Cr-Commit-Position: refs/heads/master@{#29120}
---
 src/arm64/code-stubs-arm64.cc          | 32 +++++++++-----------------------
 test/mjsunit/regress/regress-487981.js | 22 ++++++++++++++++++++++
 2 files changed, 31 insertions(+), 23 deletions(-)
 create mode 100644 test/mjsunit/regress/regress-487981.js

diff --git a/src/arm64/code-stubs-arm64.cc b/src/arm64/code-stubs-arm64.cc
index bd70150..cfce619 100644
--- a/src/arm64/code-stubs-arm64.cc
+++ b/src/arm64/code-stubs-arm64.cc
@@ -2305,27 +2305,16 @@ void RegExpExecStub::Generate(MacroAssembler* masm) {
   Register last_match_info_elements = x21;
   Register code_object = x22;
 
-  // TODO(jbramley): Is it necessary to preserve these?
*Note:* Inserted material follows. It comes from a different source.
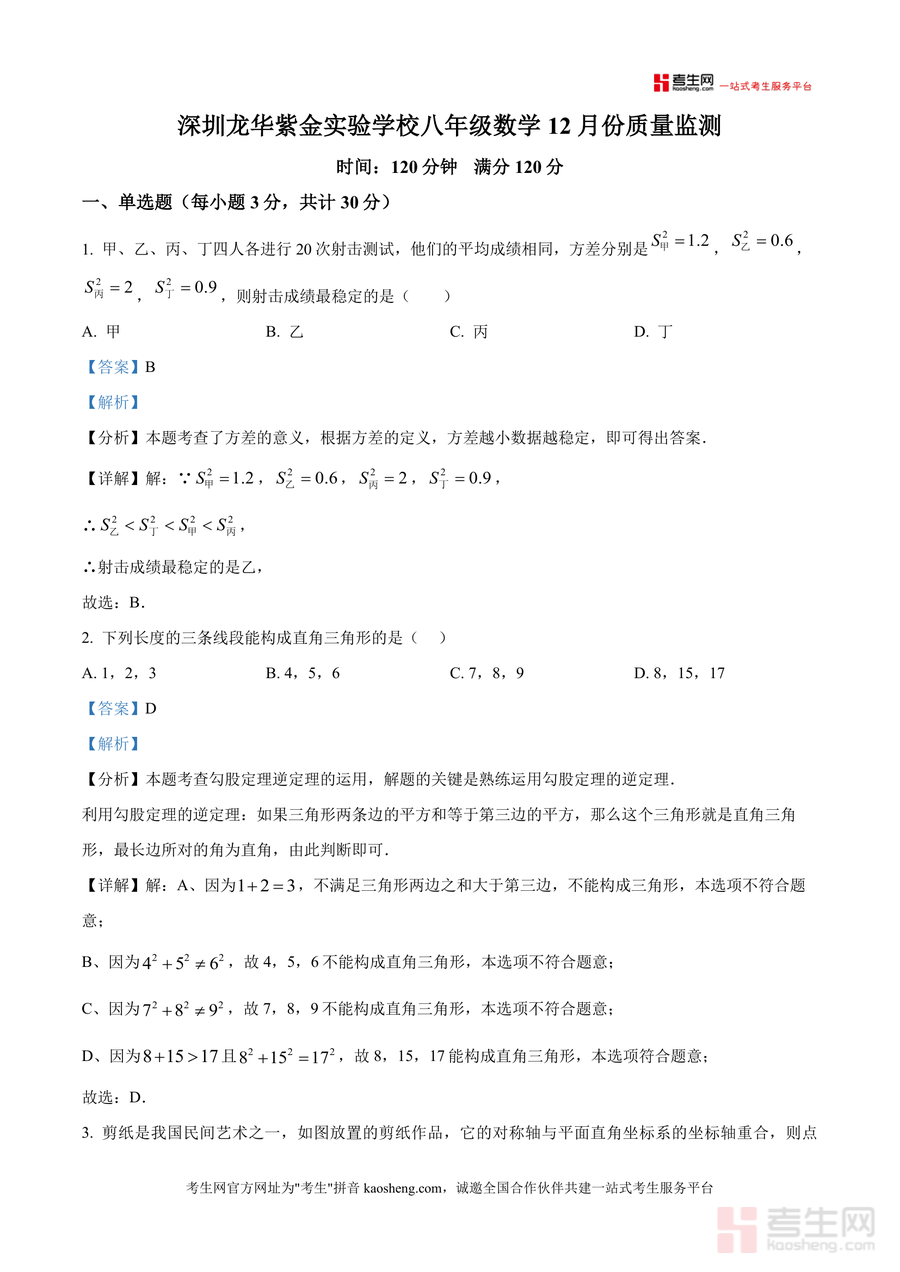 《精品解析:广东省深圳龙华紫金实验学校2025--2026学年上学期八年级数学12月份质量监测试题(解析版)》是一份针对该校八年级数学阶段性评估设计真题解析类备考资料。文件涵盖单选题、填空题、解答题三大题型共20道核心题目及完整详实解析覆盖方差稳定性判断勾股定理实际应用一次函数图像性质二次根式运算等八年级数学核心知识点;解析特色突出学科融合与细节指导如第6题“折竹抵地”问题结合《九章算术》背景解析勾股定理应用场景第16题二次根式运算明确错误步骤及原因提示助力规避误区。

I don't think ARM does.
-  CPURegList used_callee_saved_registers(subject,
-                                         regexp_data,
-                                         last_match_info_elements,
-                                         code_object);
-  __ PushCPURegList(used_callee_saved_registers);
-
   // Stack frame.
-  //  jssp[0] : x19
-  //  jssp[8] : x20
-  //  jssp[16]: x21
-  //  jssp[24]: x22
-  //  jssp[32]: last_match_info (JSArray)
-  //  jssp[40]: previous index
-  //  jssp[48]: subject string
-  //  jssp[56]: JSRegExp object
-
-  const int kLastMatchInfoOffset = 4 * kPointerSize;
-  const int kPreviousIndexOffset = 5 * kPointerSize;
-  const int kSubjectOffset = 6 * kPointerSize;
-  const int kJSRegExpOffset = 7 * kPointerSize;
+  //  jssp[00]: last_match_info (JSArray)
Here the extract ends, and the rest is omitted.